The Commission found that in proxy statements and annual reports filed with
the Commission from 1997-2002, GE failed to fully and accurately describe
the retirement benefits Welch was entitled to receive from the company. In
December 1996, GE and Welch entered into an “employment and post-retirement
consulting agreement” under which Welch agreed to continue as CEO until he
was 65 and serve as a consultant thereafter.
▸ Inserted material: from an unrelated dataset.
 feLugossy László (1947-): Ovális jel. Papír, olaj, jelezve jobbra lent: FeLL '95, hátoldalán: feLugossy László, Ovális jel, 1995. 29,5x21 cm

In the agreement, Welch
received, as his principal form of compensation, lifetime access to the
perquisites and benefits he had received as GE’s chairman and CEO. GE’s
proxy statements only referred to Welch’s entitlement to “…continued
lifetime access to Company facilities and services comparable to those that
are currently made available to him by the Company,” but did not provide any
other specific information about the “facilities and services” Welch would
receive in retirement.
The agreement itself, which was appended as an exhibit to GE’s 1996 annual
report, stated that Welch was entitled to receive in retirement “continued
access to Company facilities and services comparable to those provided to
him prior to his retirement, including access to Company aircraft, cars,
office, apartments, and financial planning services,” but did not provide
further meaningful and complete disclosure of those “facilities and
services.” Moreover, GE made no other disclosures in its SEC filings that
allowed investors to understand the nature and scope of Welch’s retirement
benefits-specifically, investors could not learn from GE’s previously filed
proxy statements many of the most significant “facilities and services”
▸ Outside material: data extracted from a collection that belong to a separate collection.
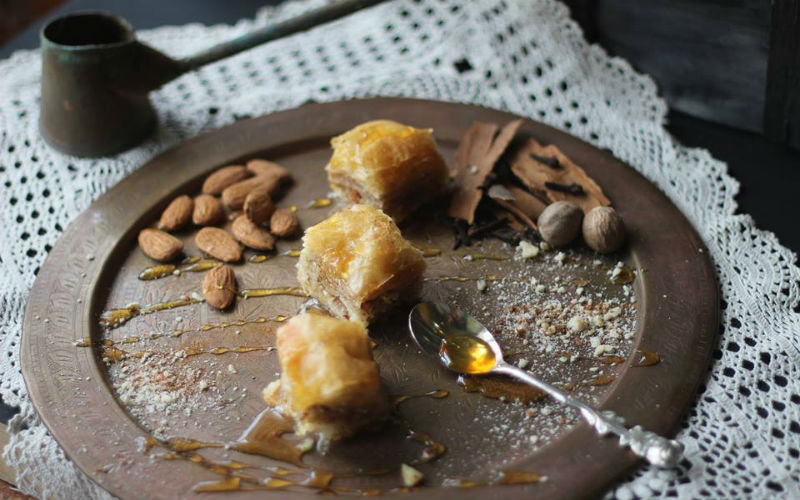 Almond baklavasTraditional cypriot spoon sweetsCanache chocolate cakeKataifi NestSemolina cake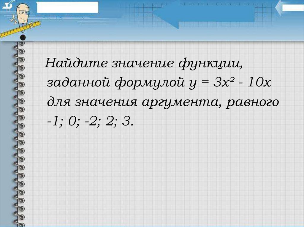 Найдите значение функции,заданной формулой у = 3х² - 10х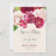 A bright, bold floral of roses in shades of burgundy and cream is the focal point for many of the pieces of this wedding suite that also features elegant script text and modern design layouts. The matching 'Save the Date' card shown here features all of the above as well as a beautiful watercolor abstract on the reverse in rich burgundy and plum. Search ID584 to see all the matching products with this design.

Welch had been provided prior to his retirement, including personal use of
GE-owned aircraft, personal use of chauffeured limousines and home security
systems.
The Commission further found that in the first year following Welch’s
retirement in September 2001, Welch received approximately $2.5 million in
benefits under the agreement, which included access to GE aircraft for
unlimited personal use and for business travel; exclusive use of a furnished
New York City apartment that, according to GE, in 2003, had a rental value
of approximately $50,000 a month and a resale value in excess of $11
million; unrestricted access to a chauffeured limousine driven by
professionals trained in security measures; a leased Mercedes Benz; office
space in both New York City and in Connecticut; the services of professional
estate and tax advisors; the services of a personal assistant;
communications systems and networks at Welch’s homes, including television,
fax, phone and computer systems, with technical support; bodyguard security
for various speaking engagements, including a book tour to promote his
autobiography Jack: Straight from the Gut; and installation of a security
system in one of Welch’s homes and continued maintenance of security systems
GE previously installed in three of Welch’s other homes.
The Commission concluded that GE’s inadequate disclosures violated Sections
13(a) and 14(a) of the Securities Exchange Act of 1934 and Rules 13a-1,
14a-3 and 14a-9 thereunder. Without admitting or denying the Commission’s
findings, GE consented to the issuance of the Order, which orders GE to
cease and desist from committing or causing any violations and any future
violations of the foregoing statutory provisions and rules.